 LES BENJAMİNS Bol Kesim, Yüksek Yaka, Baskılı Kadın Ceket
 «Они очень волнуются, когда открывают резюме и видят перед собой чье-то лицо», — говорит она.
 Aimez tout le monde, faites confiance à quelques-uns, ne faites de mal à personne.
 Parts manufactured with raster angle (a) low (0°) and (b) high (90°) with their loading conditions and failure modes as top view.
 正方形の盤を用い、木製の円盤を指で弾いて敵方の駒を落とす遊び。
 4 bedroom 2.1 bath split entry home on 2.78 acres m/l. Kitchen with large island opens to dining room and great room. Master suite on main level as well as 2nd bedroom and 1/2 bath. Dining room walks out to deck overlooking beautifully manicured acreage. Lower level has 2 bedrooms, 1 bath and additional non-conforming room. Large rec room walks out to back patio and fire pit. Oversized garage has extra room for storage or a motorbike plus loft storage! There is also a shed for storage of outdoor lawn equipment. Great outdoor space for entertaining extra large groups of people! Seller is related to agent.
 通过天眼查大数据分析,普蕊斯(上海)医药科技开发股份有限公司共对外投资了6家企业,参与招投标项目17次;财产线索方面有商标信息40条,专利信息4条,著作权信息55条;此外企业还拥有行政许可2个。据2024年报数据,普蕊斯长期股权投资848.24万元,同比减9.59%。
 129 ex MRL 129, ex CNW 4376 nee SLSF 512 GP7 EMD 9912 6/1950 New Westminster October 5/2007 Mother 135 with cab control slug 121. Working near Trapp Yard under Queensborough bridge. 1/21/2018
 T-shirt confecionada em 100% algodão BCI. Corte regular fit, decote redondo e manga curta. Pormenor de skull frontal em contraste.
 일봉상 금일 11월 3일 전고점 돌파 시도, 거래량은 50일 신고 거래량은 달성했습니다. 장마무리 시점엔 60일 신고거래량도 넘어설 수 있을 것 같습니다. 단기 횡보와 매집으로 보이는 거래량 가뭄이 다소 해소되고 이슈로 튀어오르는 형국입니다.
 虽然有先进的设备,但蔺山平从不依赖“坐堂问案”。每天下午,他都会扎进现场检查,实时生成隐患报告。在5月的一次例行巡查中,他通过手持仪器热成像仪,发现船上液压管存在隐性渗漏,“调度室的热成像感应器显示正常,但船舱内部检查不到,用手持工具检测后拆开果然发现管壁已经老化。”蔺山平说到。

==

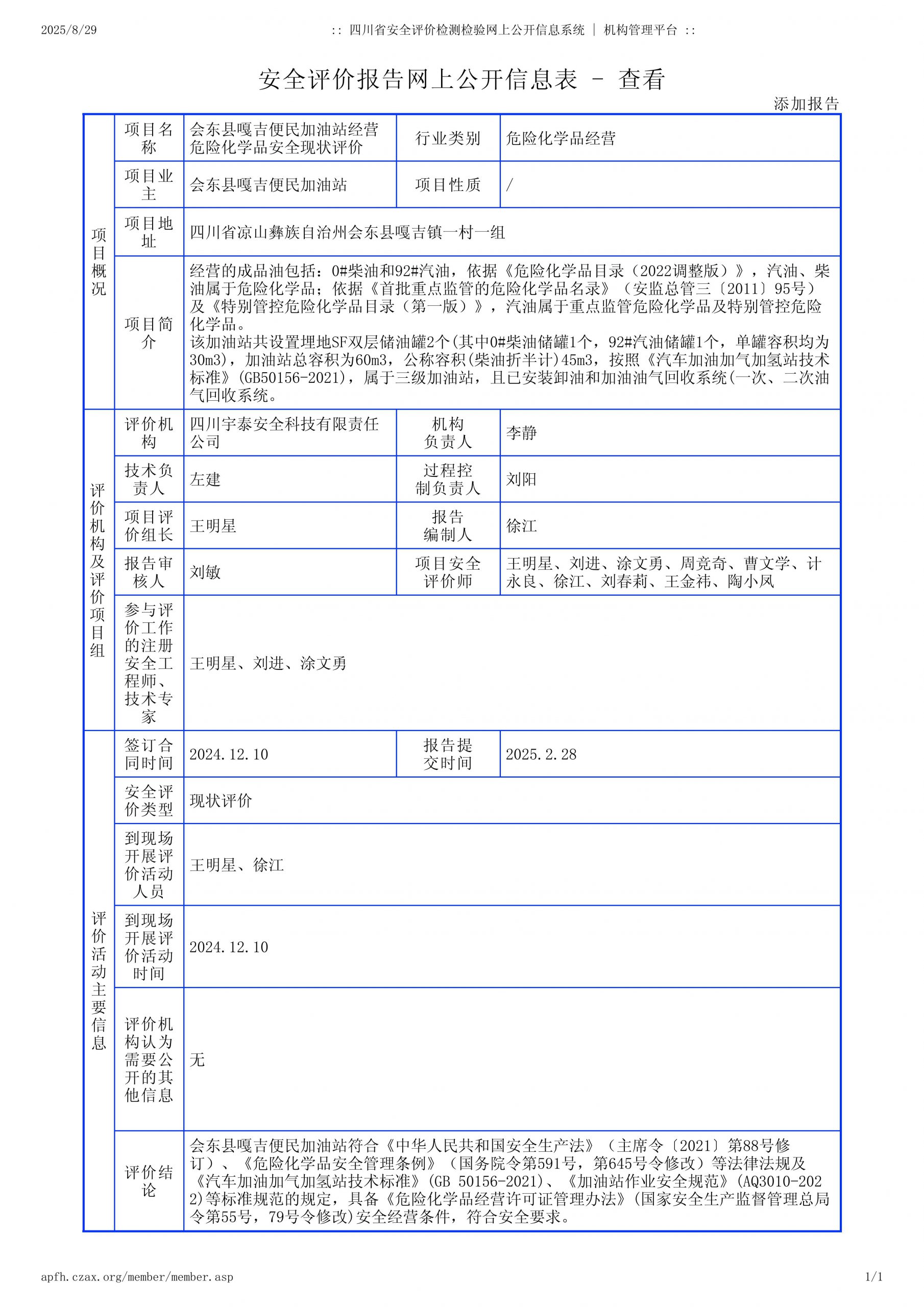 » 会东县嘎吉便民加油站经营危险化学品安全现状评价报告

Exercise:
Take the lines above from the one containing "очень волнуются, когда" down to the one containing "正方形の盤を用い、木製の円盤を指で弾いて敵方の駒を落とす遊び。", and transcribe them exactly, both ends included.

Answer space:
 «Они очень волнуются, когда открывают резюме и видят перед собой чье-то лицо», — говорит она.
 Aimez tout le monde, faites confiance à quelques-uns, ne faites de mal à personne.
 Parts manufactured with raster angle (a) low (0°) and (b) high (90°) with their loading conditions and failure modes as top view.
 正方形の盤を用い、木製の円盤を指で弾いて敵方の駒を落とす遊び。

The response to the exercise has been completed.